Bernoulli’s Principle

Bernoulli’s principle was originally stated to explain the action of a liquid flowing through the varying cross-sectional areas of tubes. In Figure 3-46 a tube is shown in which the cross-sectional area gradually decreases to a minimum diameter in its center section. A tube constructed in this manner is called a “venturi," or “venturi tube." Where the cross-sectional area is decreasing, the passageway is referred to as a converging duct. As the passageway starts to spread out, it is referred to as a diverging duct.

As a liquid (fluid) flows through the venturi tube, the gauges at points “A," “B," and “C" are positioned to register the velocity and the static pressure of the liquid. The venturi in Figure 3-46 can be used to illustrate Bernoulli’s principle, which states that: The static pressure of a fluid (liquid or gas) decreases at points where the velocity of the fluid increases, provided no energy is added to nor taken away from the fluid. The velocity of the air is kinetic energy and the static pressure of the air is potential energy.

In the wide section of the venturi (points A and C of Figure 3-46), the liquid moves at low velocity, producing a high static pressure, as indicated by the pressure gauge. As the tube narrows in the center, it must contain the same volume of fluid as the two end areas. In this narrow section, the liquid moves at a higher velocity, producing a lower pressure than that at points A and C, as indicated by the velocity gauge reading high and the pressure gauge reading low. A good application for the use of the venturi principle is in a float-type carburetor. As the air flows through the carburetor on its way to the engine, it goes through a venturi, where the static pressure is reduced. The fuel in the carburetor, which is under a higher pressure, flows into the lower pressure venturi area and mixes with the air.

Bernoulli’s principle is extremely important in understanding how some of the systems used in aviation work, including how the wing of an airplane generates lift or why the inlet duct of a turbine engine on a subsonic airplane is diverging in shape. The wing on a slow moving airplane has a curved top surface and a relatively flat bottom surface. The curved top surface acts like half of the converging shaped middle of a venturi. As the air flows over the top of the wing, the air speeds up, and its static pressure decreases. The static pressure on the bottom of the wing is now greater than the pressure on the top, and this pressure difference creates the lift on the wing. Bernoulli’s principle and the concept of lift on a wing is covered in greater depth in “Aircraft Theory of Flight" located in this chapter.

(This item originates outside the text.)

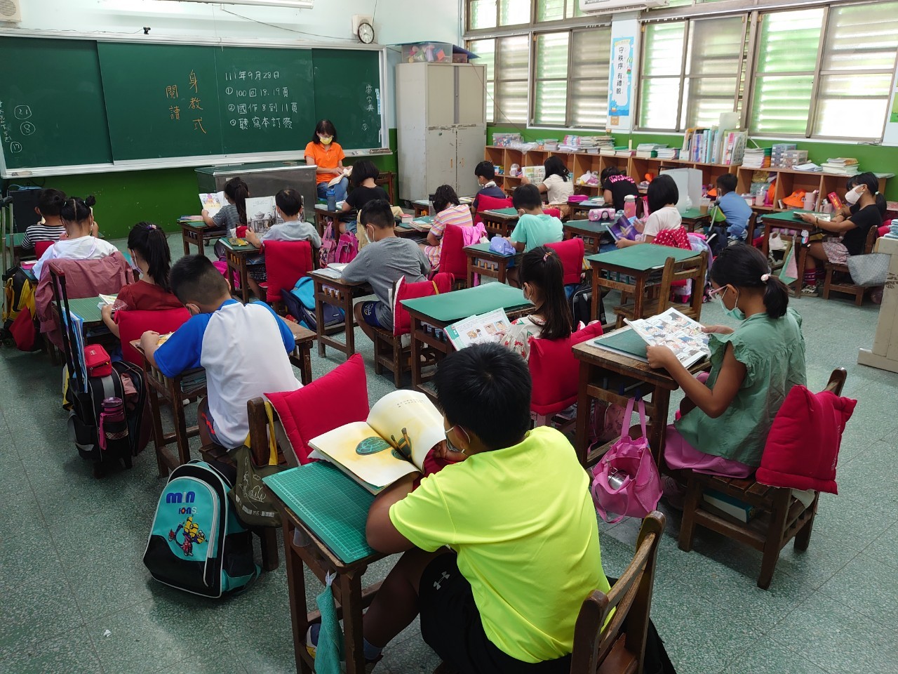 2、導師在身教式閱讀時間以身作則,與學童一同拿起書本,在晨間微風徐徐、蟲鳴鳥叫的校園環境裡,細細體會、慢慢品味閱讀的美好。

Sound has been defined as a series of disturbances in matter that the human ear can detect. This definition can also be applied to disturbances which are beyond the range of human hearing. There are three elements which are necessary for the transmission and reception of sound. These are the source, a medium for carrying the sound, and the detector. Anything which moves back and forth (vibrates) and disturbs the medium around it may be considered a sound source.

An example of the production and transmission of sound is the ring of a bell. When the bell is struck and begins to vibrate, the particles of the medium (the surrounding air) in contact with the bell also vibrate. The vibrational disturbance is transmitted from one particle of the medium to the next, and the vibrations travel in a “wave" through the medium until they reach the ear. The eardrum, acting as detector, is set in motion by the vibrating particles of air, and the brain interprets the eardrum’s vibrations as the characteristic sound associated with a bell.